Deprecating Or Sunsetting An Endpoint

My personal preference for this is to use Header Deprecation - let's say in version 3 of our hello API, we want to remove /hello/{name} from our routing:

The steps I take are:

  • in version 1 the Route exists as normal
  • in version 2 the Route now has a middleware attached that adds x-deprecated to the headers
  • in version 3 you create your 404 route.

Pretty easy to understand flow, right?

When To Remove Versions Entirely

In my experience, removing a version of an API should be done in line with your customer's use cases - generally, I like to maintain at least 2 major versions of any API - so in version 3, I'd remove version 1 and move all the functionality we are keeping up a level into version 2.

Your personal use case may require more support than that - but the principal applies. You add a deprecation middleware to all routes that adds x-deprecated-version to the headers, as well as clearly documenting that.

So, with this in place, we now handle all our requirements:

  • Request Structure - What your user sends to you
  • Response Structure - What your user receives from you
  • Business Logic - What your API actually does
  • New Endpoints - Something new your user can call
  • Remove Endpoints - Taking Something away your user can no longer call
  • Deprecations / Sunsetting - Adding warnings to things

And we briefly touched on deprecating an entire version - does that wrap everything up in a nice little package? not really.

Talking To Your Users

Your API users are the most important people when it comes to your API - the more you talk to your users, the more you'll learn about what works for them and what doesn't. Here's the list of questions I try to get answers from my users about:

  • Is the API easy for the developers to integrate with?
  • Can you predict the responses of your API?
  • Can you predict the routes of your API?
  • Is there anything you wish the API did that it doesn't?
  • Is there anything you wish the API didn't do that it does?

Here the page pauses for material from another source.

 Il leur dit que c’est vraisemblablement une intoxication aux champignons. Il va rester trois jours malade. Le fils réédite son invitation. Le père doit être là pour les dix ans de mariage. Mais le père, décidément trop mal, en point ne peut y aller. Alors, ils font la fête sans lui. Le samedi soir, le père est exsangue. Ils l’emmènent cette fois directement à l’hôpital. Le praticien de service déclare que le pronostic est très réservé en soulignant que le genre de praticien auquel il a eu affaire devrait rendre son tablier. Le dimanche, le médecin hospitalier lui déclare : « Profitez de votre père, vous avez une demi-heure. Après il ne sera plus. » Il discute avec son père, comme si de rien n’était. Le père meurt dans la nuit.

This sort of feedback really helps when designing versioning in your API, as the users can help you form ideas and concepts for future versions, as well as help you identify bugs you don't know about, or developer pain points you don't know about.

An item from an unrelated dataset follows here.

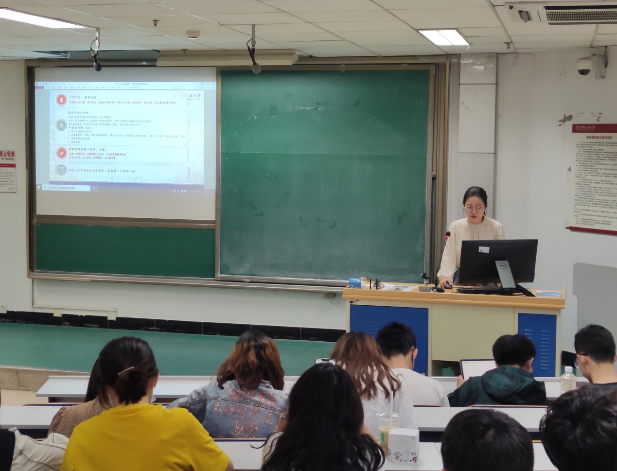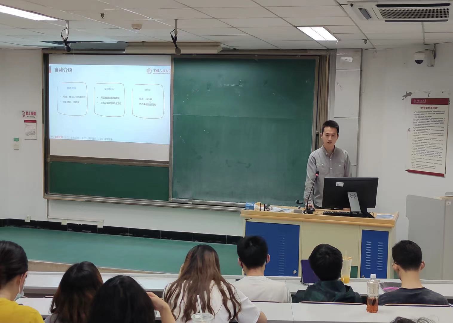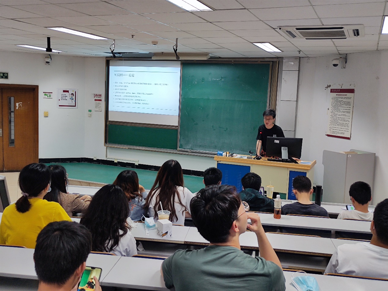 郭英栋同学为大家分享了互联网、银行的实习与求职经验。他首先为同学们分享了互联网实习及招聘的一些经验,先后介绍了互联网行业及其岗位划分,然后详细讲述了如何准备笔试及面试,不仅干货满满,也激起了同学们对互联网行业的浓厚兴趣。同时他谈到了银行的求职经历,生动有趣地分享了他在中国银行的实习经历及体验,比较了银行和互联网的工作内容。

Remember - effective API versioning hinges on solid code architecture and robust management practices. It's also crucial to maintain comprehensive API versioning documentation. While it's essential to communicate with your users and provide support for at least two versions during their integration period, never underestimate the power of well-crafted documentation in guiding them through the transition.

API versioning is a crucial aspect of software engineering that allows us to introduce changes to our APIs while maintaining backward compatibility. A well-structured project, like the one discussed, with organized directories for different versions, endpoints, models, and configurations, serves as a solid foundation. Implementing strategies, such as the Strategy Pattern, for handling business logic variations between versions ensures flexibility. Adding new endpoints and gracefully removing or deprecating old ones is made straightforward by cascading routing. Ultimately, successful API versioning goes beyond code; it involves engaging with users to understand their needs, predict responses, and shape future versions. Effective versioning, good code structure, and user feedback together form the pillars of a robust API development strategy.